- _Problem statement_: Reproduce the listing below in full and without alteration, apart from its pictures.

- _Information provided_:
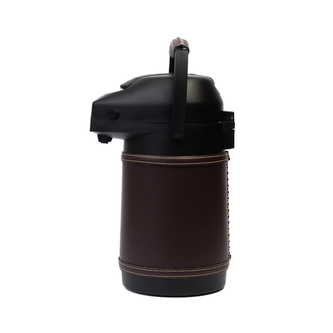 Termo Inox 1.9 L especial para tereré o mate, forrado en simil-cuero marrón oscuro. Incluye detalles de faja. Diseño resistente y elegante y hecho a mano en Paraguay. Ideal para uso diario y regalos premium.
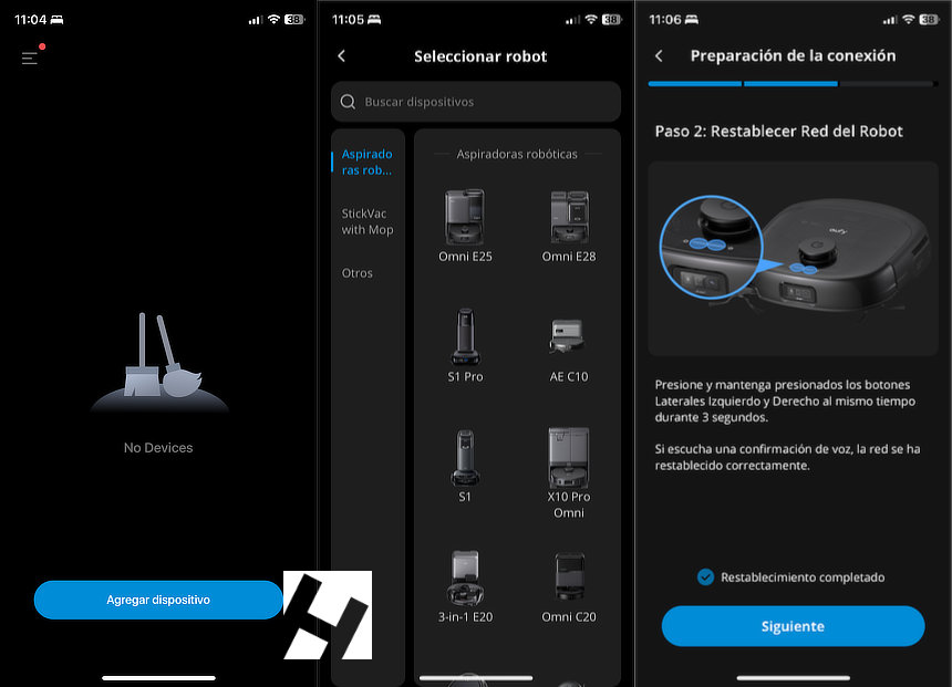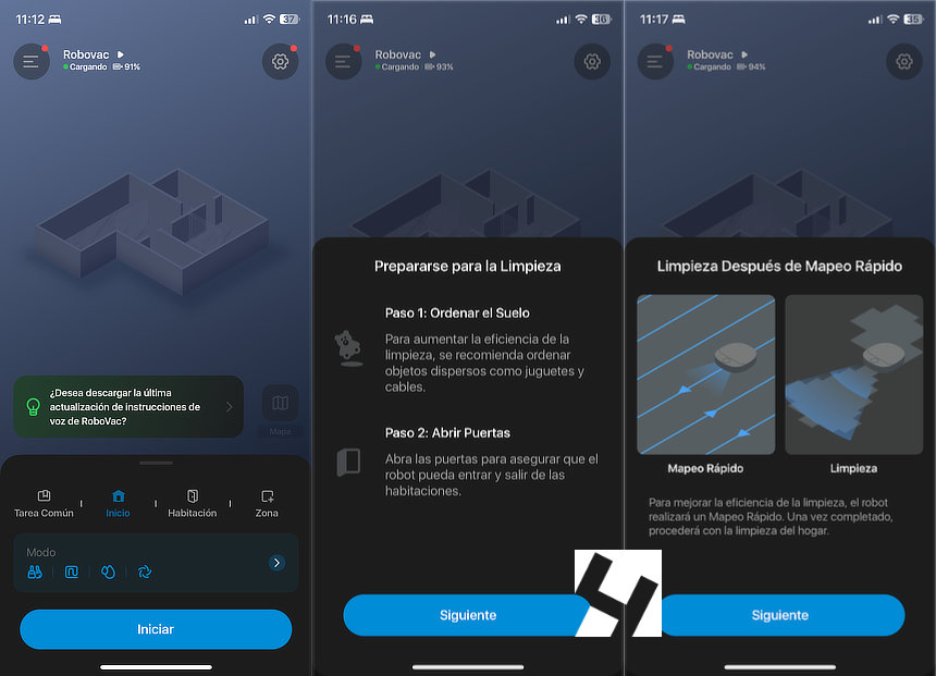 Como ya he comentado, el producto viene montado y esto reduce el tiempo de puesta en marcha y la complejidad para los novatos en la materia. Tan sólo hay que quitar los plásticos, cargar el depósito de agua, colocar la rampa y enchufar la estación. Por último situar al robot en la base y lanzar la app eufy Clean, disponible para Android e iOS. eufy Clean se puede instalar tanto en teléfonos, como en tabletas.
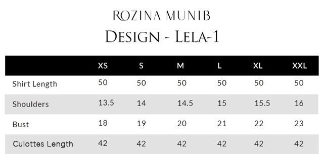 The model's shirt length is 53 and culottes length is 42.

- _Output of the exercise_:
 Termo Inox 1.9 L especial para tereré o mate, forrado en simil-cuero marrón oscuro. Incluye detalles de faja. Diseño resistente y elegante y hecho a mano en Paraguay. Ideal para uso diario y regalos premium.
 Como ya he comentado, el producto viene montado y esto reduce el tiempo de puesta en marcha y la complejidad para los novatos en la materia. Tan sólo hay que quitar los plásticos, cargar el depósito de agua, colocar la rampa y enchufar la estación. Por último situar al robot en la base y lanzar la app eufy Clean, disponible para Android e iOS. eufy Clean se puede instalar tanto en teléfonos, como en tabletas.
 The model's shirt length is 53 and culottes length is 42.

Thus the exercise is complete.